DATASET CONTENT -
###
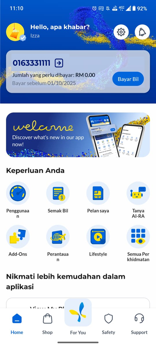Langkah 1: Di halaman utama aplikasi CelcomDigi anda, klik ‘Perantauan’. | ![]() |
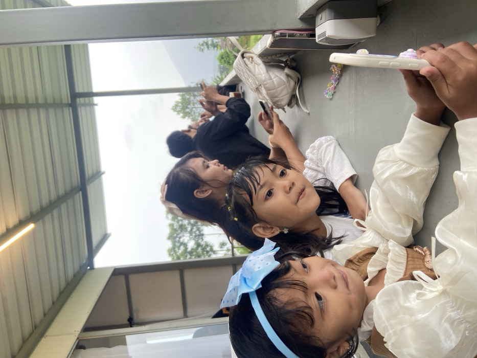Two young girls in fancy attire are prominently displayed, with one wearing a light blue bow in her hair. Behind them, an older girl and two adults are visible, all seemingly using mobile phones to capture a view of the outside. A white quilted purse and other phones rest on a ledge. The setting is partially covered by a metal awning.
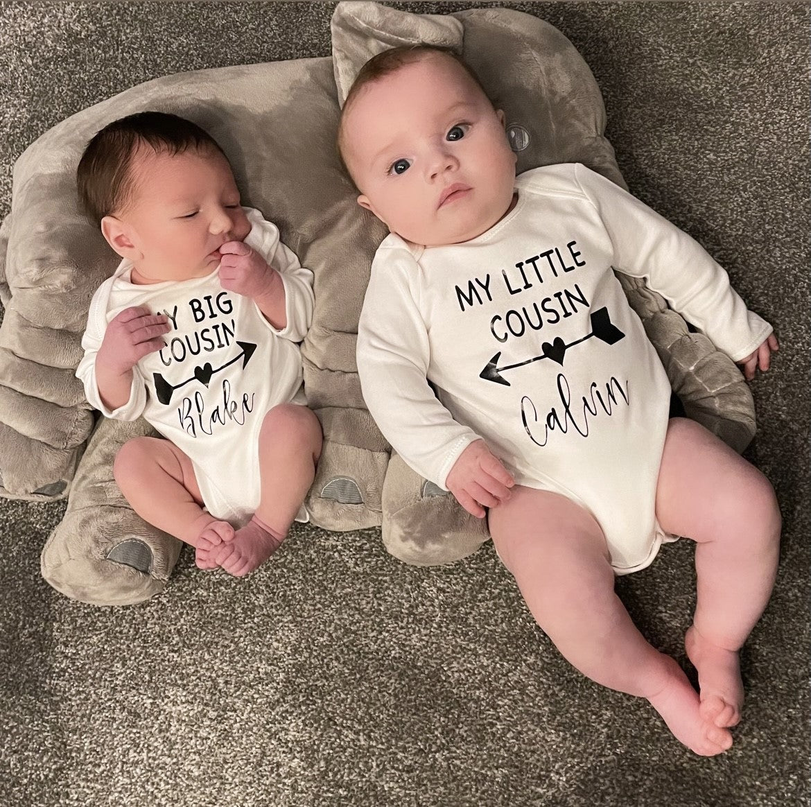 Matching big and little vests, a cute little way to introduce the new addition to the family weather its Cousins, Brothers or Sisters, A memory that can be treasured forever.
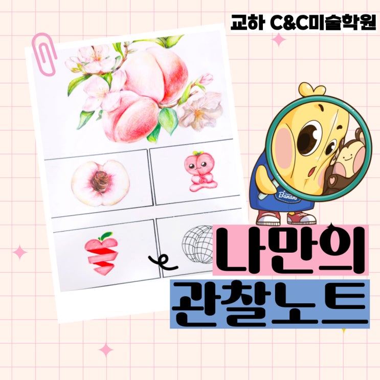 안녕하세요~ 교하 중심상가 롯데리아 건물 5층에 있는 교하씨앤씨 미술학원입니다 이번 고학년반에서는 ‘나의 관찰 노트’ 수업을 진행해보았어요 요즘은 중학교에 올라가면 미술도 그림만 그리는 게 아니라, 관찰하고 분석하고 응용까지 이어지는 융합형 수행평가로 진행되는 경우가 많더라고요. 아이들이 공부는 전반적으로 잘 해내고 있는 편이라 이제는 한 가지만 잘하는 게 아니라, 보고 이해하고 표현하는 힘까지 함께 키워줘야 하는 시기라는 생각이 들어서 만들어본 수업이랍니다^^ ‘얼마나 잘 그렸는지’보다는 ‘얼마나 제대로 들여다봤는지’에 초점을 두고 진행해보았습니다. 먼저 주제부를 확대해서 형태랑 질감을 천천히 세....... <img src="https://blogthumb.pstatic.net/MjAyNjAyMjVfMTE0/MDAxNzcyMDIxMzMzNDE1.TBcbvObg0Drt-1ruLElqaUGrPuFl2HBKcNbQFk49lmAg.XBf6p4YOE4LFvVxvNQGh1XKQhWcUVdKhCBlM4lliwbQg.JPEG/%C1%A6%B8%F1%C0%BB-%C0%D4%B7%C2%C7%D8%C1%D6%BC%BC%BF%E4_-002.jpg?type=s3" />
###
AIM OF THE EXERCISE - Write out all the material above exactly, with no image carried over.

YOUR RESPONSE -
Langkah 1: Di halaman utama aplikasi CelcomDigi anda, klik ‘Perantauan’. | ![]() |
Two young girls in fancy attire are prominently displayed, with one wearing a light blue bow in her hair. Behind them, an older girl and two adults are visible, all seemingly using mobile phones to capture a view of the outside. A white quilted purse and other phones rest on a ledge. The setting is partially covered by a metal awning.
 Matching big and little vests, a cute little way to introduce the new addition to the family weather its Cousins, Brothers or Sisters, A memory that can be treasured forever.
 안녕하세요~ 교하 중심상가 롯데리아 건물 5층에 있는 교하씨앤씨 미술학원입니다 이번 고학년반에서는 ‘나의 관찰 노트’ 수업을 진행해보았어요 요즘은 중학교에 올라가면 미술도 그림만 그리는 게 아니라, 관찰하고 분석하고 응용까지 이어지는 융합형 수행평가로 진행되는 경우가 많더라고요. 아이들이 공부는 전반적으로 잘 해내고 있는 편이라 이제는 한 가지만 잘하는 게 아니라, 보고 이해하고 표현하는 힘까지 함께 키워줘야 하는 시기라는 생각이 들어서 만들어본 수업이랍니다^^ ‘얼마나 잘 그렸는지’보다는 ‘얼마나 제대로 들여다봤는지’에 초점을 두고 진행해보았습니다. 먼저 주제부를 확대해서 형태랑 질감을 천천히 세....... <img src="https://blogthumb.pstatic.net/MjAyNjAyMjVfMTE0/MDAxNzcyMDIxMzMzNDE1.TBcbvObg0Drt-1ruLElqaUGrPuFl2HBKcNbQFk49lmAg.XBf6p4YOE4LFvVxvNQGh1XKQhWcUVdKhCBlM4lliwbQg.JPEG/%C1%A6%B8%F1%C0%BB-%C0%D4%B7%C2%C7%D8%C1%D6%BC%BC%BF%E4_-002.jpg?type=s3" />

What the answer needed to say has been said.